Speaking to the Associated Press, Maynard said that the Harambe meme is not at all fun for the zoo's staff. "We are not amused by the memes, petitions and signs about Harambe," Maynard told the AP. "Our zoo family is still healing, and the constant mention of Harambe makes moving forward more difficult for us. We are honoring Harambe by redoubling our gorilla conservation efforts and encouraging others to join us."

Others in Cincinnati feel the same way, with James Leggate, web editor at local news station WCPO, starting a (tongue-in-cheek) petition to stop Harambe petitions. "At first, the petitioners had good intentions," wrote Leggate in an opinion column. "But then the goofuses of the internet hopped on the Harambe train for their jollies, and it has gotten out of control."

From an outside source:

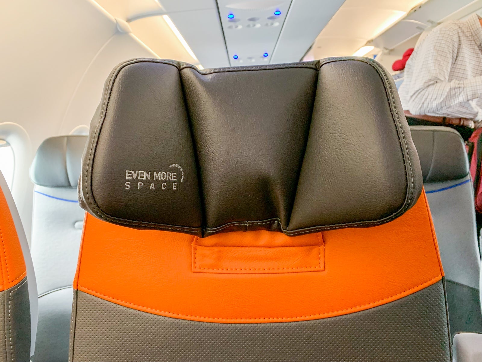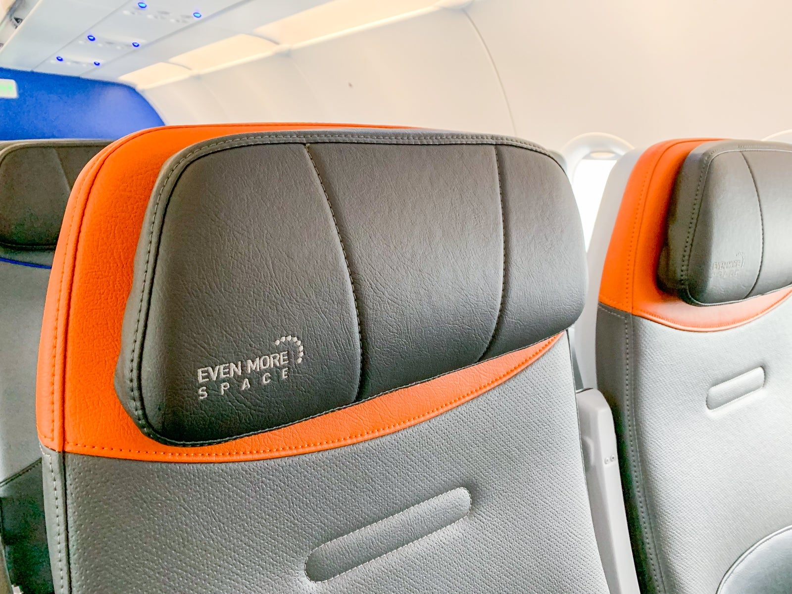 Of the plane's 34 rows, Rows 1-4 and 16-18 are dedicated to Even More Space. Core seats can be identified by a blue border, while Even More Space seats can be easily identified by the orange border.

In fairness, taking the Harambe meme too far isn't just part of the joke — it is the joke. As Select All's Brian Feldman noted, the meme is really a response to the media's (sometimes) histrionic coverage of the death of Cecil the lion. "Cecil memes happened as a response to Cecil outrage, but Harambe memes happened in anticipation of Harambe outrage," writes Feldman. "Harambe became a referendum on and a satire of social-media-outrage culture, his name a stand-in for everything wrong with the way social media reacts to news."

Now, though, we're at the point where the reaction is making life difficult for staff at Cincinnati Zoo — people who genuinely loved and cared for Harambe. Does that mean it's time to stop the memes? Well, probably, but not out of sympathy, that's not the internet's way; but because the joke is just getting a little old. It's okay to mourn Harambe, the gorilla that died, but sometimes you have to let go of your grief — and your memes.